The Regulatory & Compliance Specialist is responsible for ensuring that all products, processes, documentation, and business operations comply with USFDA, European, and other international regulatory requirements. This role supports product registrations, dossier preparation, audits, labeling compliance, and regulatory strategy for new and existing products of our Private label and Guar Gum business.
Job Highlights
- Hands-on US FDA regulatory experience with strong knowledge of CFR 21
- Manage NDC filings, FDA registrations, and compliance activities
Role & responsibilities
US FDA Submissions & Registrations
- Manage NDC filings for OTC and prescription drug products, including annual renewals
- Handle Drug Establishment Registration and facility compliance under CFR 21
- Manage GDUFA, OMUFA, and MoCRA-related filings and renewals
- Request and maintain FEI and DUNS registrations
Cosmetic & OTC Compliance
- Manage MoCRA cosmetic facility registrations and product listings
- Review and approve artworks and labels as per US FDA and US Cosmetics Act
- Handle cosmetic ingredient listings and labeler code requests
Port & Import Compliance
- Handle FDA shipment holds at US ports and coordinate resolution with customs brokers and FDA
- Respond to FDA queries including IR, DRL, ECD, and CRL
- Manage controlled correspondence and documentation with US FDA
Lifecycle & Ongoing Compliance
- Manage post-approval lifecycle activities including Annual Reports, PADER, CBE-0, CBE-30, and PAS
- Track and file OMUFA and other recurring compliance fees
- Manage WDD and 3PL registrations and renewals
- Submit one-time marketing reports and CDER Direct NextGen Portal reporting
- Handle CMC and labeling-related queries from FDA
- Support medicated animal feed facility registrations where applicable
Systems & Tools
- Work with SPL and eCTD software for regulatory submissions
- Maintain regulatory trackers, documentation, and compliance calendars
Customer & Internal Coordination
- Act as regulatory point of contact for customers and internal stakeholders
- Communicate regulatory status, timelines, and FDA feedback clearly
- Coordinate regulatory inputs during audits, inspections, or customer discussions
Cross-Functional Coordination
- Liaise with QA, Production, R&D, Packaging, & Export teams for regulatory requirements.
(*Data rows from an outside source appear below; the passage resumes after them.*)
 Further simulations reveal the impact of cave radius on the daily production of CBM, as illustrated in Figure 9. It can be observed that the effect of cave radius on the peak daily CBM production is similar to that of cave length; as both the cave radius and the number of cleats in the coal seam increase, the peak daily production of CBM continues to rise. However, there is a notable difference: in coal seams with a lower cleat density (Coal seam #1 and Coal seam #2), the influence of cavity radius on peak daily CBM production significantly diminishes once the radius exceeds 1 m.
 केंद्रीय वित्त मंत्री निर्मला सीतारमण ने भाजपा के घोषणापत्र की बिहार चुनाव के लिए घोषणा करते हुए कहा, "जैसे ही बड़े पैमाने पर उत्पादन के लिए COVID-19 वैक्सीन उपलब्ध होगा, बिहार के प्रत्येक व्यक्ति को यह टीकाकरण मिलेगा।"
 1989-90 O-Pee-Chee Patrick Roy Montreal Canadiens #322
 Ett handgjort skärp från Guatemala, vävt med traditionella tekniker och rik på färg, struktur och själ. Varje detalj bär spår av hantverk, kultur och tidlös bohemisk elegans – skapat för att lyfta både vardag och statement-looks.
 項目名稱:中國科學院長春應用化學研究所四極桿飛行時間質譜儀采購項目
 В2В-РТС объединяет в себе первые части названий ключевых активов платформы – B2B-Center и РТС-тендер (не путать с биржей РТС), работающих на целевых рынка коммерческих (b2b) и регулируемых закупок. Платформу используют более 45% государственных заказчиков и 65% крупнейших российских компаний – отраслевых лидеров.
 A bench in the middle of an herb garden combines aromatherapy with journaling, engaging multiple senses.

- Coordinate with third-party consultants, testing labs, and regulatory agencies as needed.
Compliance & Audit Management
- Ensure compliance with applicable USFDA CFR, EU Regulations, GMP, and quality systems.
- Support internal and external regulatory audits including USFDA inspections, EU audits, and cGMP audits.
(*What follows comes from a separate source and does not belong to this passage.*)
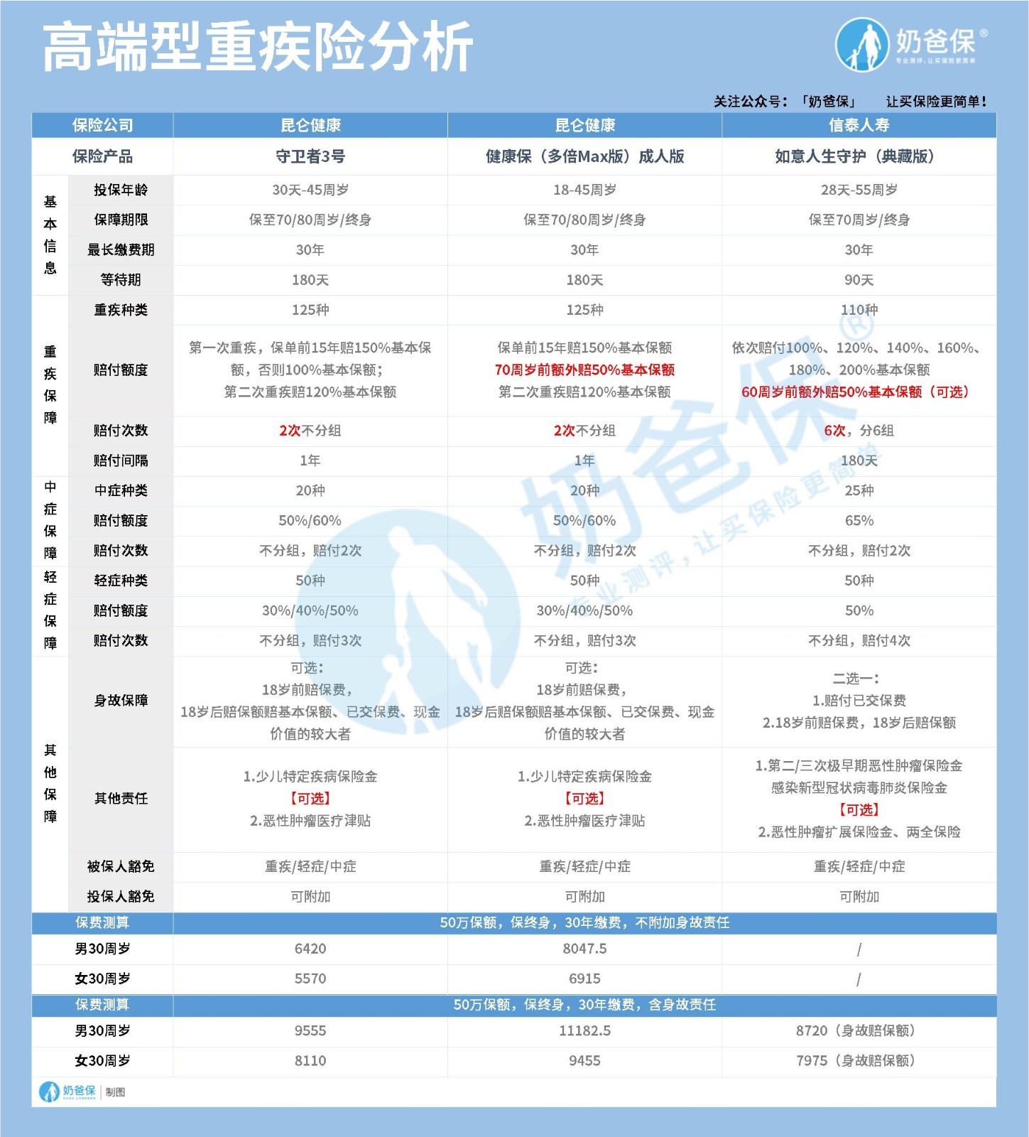 以上就是中端重疾险分析,适合预算稍微宽松的人群,然后奶爸要讲的是高端重疾险,适合预算比较充足的人群,产品的对比表格如下: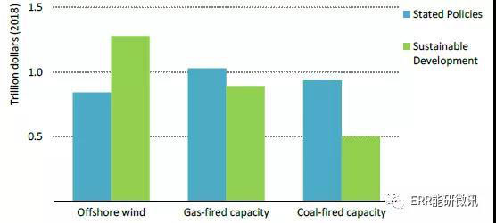 2019~2040年世界范圍內(nèi)在海上風(fēng)電、氣電和煤電裝機(jī)上的累計(jì)資本開(kāi)支,按情景劃分

- Conduct periodic compliance checks and gap assessments; recommend corrective actions.
NON-NEGOTIABLE REQUIREMENTS
- Hands-on US FDA regulatory experience (not academic-only)
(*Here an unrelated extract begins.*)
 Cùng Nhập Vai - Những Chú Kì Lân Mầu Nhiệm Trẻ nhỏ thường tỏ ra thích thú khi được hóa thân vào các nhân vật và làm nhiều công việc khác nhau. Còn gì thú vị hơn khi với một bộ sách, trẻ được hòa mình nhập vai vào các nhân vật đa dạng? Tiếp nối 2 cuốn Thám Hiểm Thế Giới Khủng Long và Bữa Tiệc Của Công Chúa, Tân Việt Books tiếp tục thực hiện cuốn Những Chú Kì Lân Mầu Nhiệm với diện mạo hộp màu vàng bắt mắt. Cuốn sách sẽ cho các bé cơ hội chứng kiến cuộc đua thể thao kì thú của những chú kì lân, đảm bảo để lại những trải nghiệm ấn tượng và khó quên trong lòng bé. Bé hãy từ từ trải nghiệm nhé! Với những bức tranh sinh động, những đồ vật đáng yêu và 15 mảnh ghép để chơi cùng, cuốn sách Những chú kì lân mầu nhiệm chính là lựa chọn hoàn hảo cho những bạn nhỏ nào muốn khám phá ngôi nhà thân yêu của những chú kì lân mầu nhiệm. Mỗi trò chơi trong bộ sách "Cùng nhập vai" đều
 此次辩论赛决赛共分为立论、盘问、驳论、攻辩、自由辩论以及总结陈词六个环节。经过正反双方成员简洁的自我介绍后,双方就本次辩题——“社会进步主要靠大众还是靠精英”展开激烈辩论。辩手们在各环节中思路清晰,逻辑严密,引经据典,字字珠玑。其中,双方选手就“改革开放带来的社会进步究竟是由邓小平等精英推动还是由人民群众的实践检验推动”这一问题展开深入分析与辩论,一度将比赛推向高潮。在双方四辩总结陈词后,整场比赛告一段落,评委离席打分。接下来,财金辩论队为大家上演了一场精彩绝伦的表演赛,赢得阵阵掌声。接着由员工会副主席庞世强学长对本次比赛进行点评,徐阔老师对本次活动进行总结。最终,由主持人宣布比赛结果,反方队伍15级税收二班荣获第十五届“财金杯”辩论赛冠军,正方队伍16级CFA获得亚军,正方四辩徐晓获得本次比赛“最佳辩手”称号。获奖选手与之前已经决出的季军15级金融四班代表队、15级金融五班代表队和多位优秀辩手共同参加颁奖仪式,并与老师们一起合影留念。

- Strong working knowledge of CFR 21
- Prior exposure to NDC filings, renewals, and FDA correspondence
- Experience handling FDA import holds or live regulatory issues
- Comfort working in a fast-paced, export-driven environment
Preferred candidate profile
- 5-7 years of relevant US FDA regulatory experience
- Strong English communication skills (written and verbal)
- Detail-oriented with strong documentation discipline
- Ability to manage multiple timelines independently. Practical, compliance-first mindset
Qualifications & Skills
- Bachelor's or Master's in Pharmacy, Life Sciences, Biotechnology, Chemistry, or related field.
Experience
- 5-6 years of hands-on experience in regulatory affairs and compliance.
- Strong knowledge of USFDA regulations, EU regulatory guidelines, GMP, and global regulatory frameworks.
Technical Skills
- Understanding of USFDA CFR (21 CFR parts relevant to product category).
- Knowledge of EU directives/regulations (MDR, IVDR, REACH, CLP, EU Cosmetics Regulation, etc.).
- Proficiency in preparing regulatory documents and responding to agency queries.
- Familiarity with quality management systems (ISO 13485/ISO 9001/ISO 22716 depending on industry).
Equal Opportunity Employer
As a multi-category organization which caters to a wide range of customers across geographies; we believe a diverse workforce is an essential asset to cater to the business environment we operate in.
As an equal opportunity employer, We at Dabur don't support and accept any kind of discrimination on the ground of colour, race, age, gender, religion, nationality, marital status, sexual orientation, etc. We promote and practice equal opportunities for every member of the Dabur family.